Predicted frames make use of the previous I or P frame to 'predict' the contents of the current frame and then compress the difference between the prediction and the actual frame contents. This all seems logical, as most video frames are based on something in the previous frame. The prediction is made by attempting to find an area close to the previous macroblock's position in the current frame, which contains similar pixels. A motion vector is calculated which moves the previous macroblock to the new predicted position (with half pixel accuracy). The motion vector may legitimately be a null vector if there is no motion, which of course encodes very efficiently.


Figure 3. Low quality MPEG IPPP sequence of frames (2x2 macroblocks) and source images.
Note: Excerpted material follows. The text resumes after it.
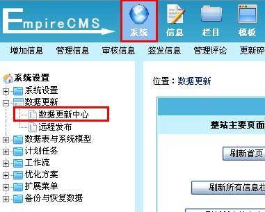 帝国cms后台网站数据更新功能详解,更新功能的使用

Note how in figure 3 the DCT error in the first frame is carried over into the successive P frames. More information is needed to describe the changes in the high contrast areas than the flat coloured bits. The difference between the predicted pixels and their actual values are calculated, DCT-encoded and the coefficients quantised (more coarsely than I frame DCT coefficients). If a sufficiently similar group of pixels cannot be found in the previous frame, a P frame can simply spatially encode the macroblock as though it were an I frame.


Figure 4. Motion vectors and difference calculation. (That the motion vectors are actually the wrong way around in this diagram).
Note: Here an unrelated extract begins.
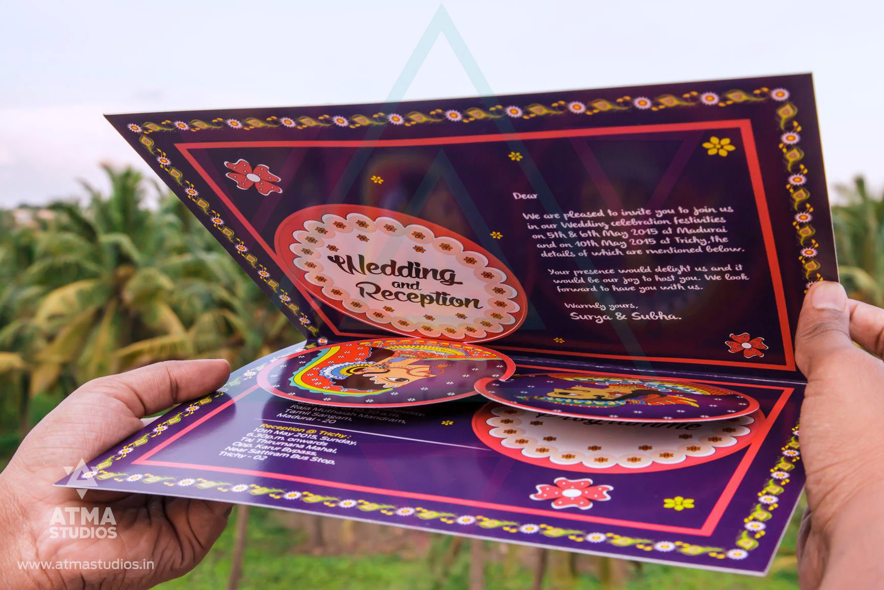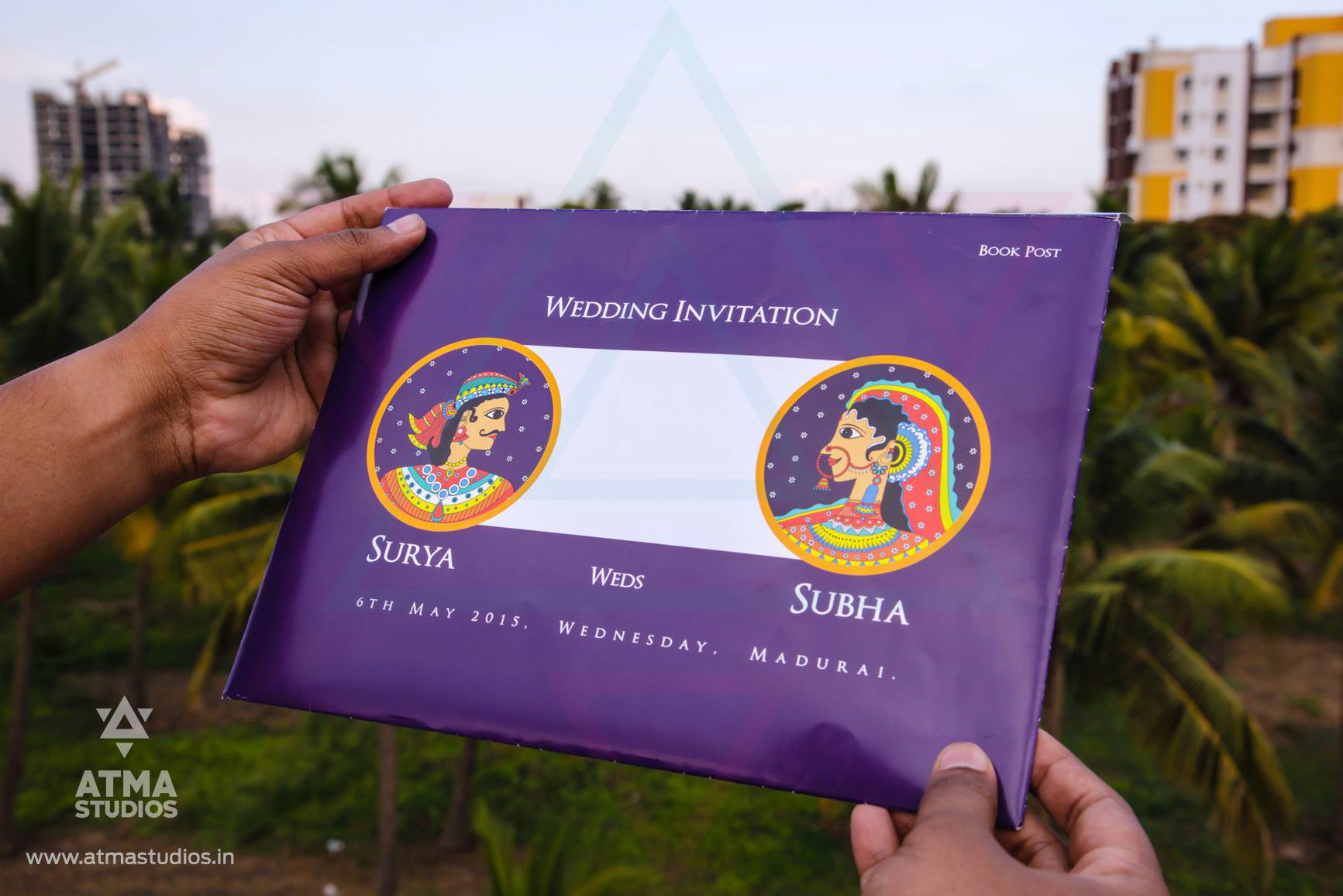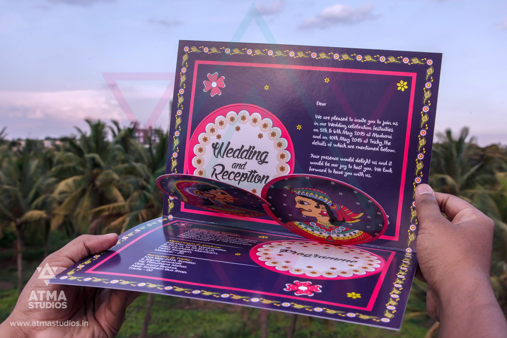 " 16 Blessings is all you need for a complete life “ This classic card’s design is inspired from contemporary Indian folk art illustration style found in Madhubani and Pattachitra art forms which are many centuries old. This invite depicts the 16 wealths that will be bestowed on the couple by the elders during the wedding time. This is as per our Tamil cultural blessing that says “Pathinaarum Peru Vazhvu Vaazhga “ The 16 wealths are individually illustrated and they are Fame, Knowledge, Strength, Success, Progeny, Courage, Finance, Abundance of food, Well-being, Enjoyment of Pleasures, Wisdom, Beauty, Unending Honours, Philanthropy, Birth (Lineage) and Healthy long life. Inviting your guests with this culturally rich card is a great sign in itself. The invite opens to a beautiful illustration of a bride and the groom on the inside. This is a classic wedding invite for your traditional wedding.

A valid MPEG video stream can be made up entirely of I and P frames. IP MPEG encoders only require a buffer for the previous frame.

B frames

Bidirectional frames can use a number of different methods of encoding. Each macroblock may be encoded as though it were an I or P frame. Furthermore, it can predict the contents of the current macroblock from the closest following I or P frame. Peering into the future, as it were. This works in the same way as a P frame, except that it attempts to find a motion vector that will move a macroblock from the following frame (rather than the previous one) to approximate the current frame. This enables good prediction for areas in the image which have just been uncovered and were not avialable in the past.

Finally, a B frame can predict the current frame based on both the previous and following frames. Gosh. Motion vector are calculated using macroblocks from the frames either side of the current frame. The resulting predicted blocks are then averaged and these pixels values are used as the final predictor for the current frame.
Figure 5. Low quality MPEG IBBPBB sequence of frames (2x2 macroblocks) and source images.
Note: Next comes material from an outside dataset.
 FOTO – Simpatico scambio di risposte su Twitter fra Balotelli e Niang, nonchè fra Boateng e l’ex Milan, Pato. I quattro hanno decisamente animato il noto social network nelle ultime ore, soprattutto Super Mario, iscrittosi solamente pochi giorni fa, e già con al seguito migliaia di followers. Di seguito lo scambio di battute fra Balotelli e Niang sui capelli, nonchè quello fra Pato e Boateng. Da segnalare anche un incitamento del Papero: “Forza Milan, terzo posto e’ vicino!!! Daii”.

Note again, how the errors from the I frames are propagated into the P frames. The B frames neaten out the error considerably, due to the forward and backward prediction. Like P frames, the difference between the predicted pixels values and their actual values are calculated and DCT encoded and quantised. Using a B frame requires that the previous and following frames are buffered form processing.

As with the quantisation tables used in JPEG compression, the MPEG specification leaves it entirely up to the programmer of the encoder to decide how they will interleave the various frame types (I, P, B-forward and B-backwards) and how the motions vectors will be calculated.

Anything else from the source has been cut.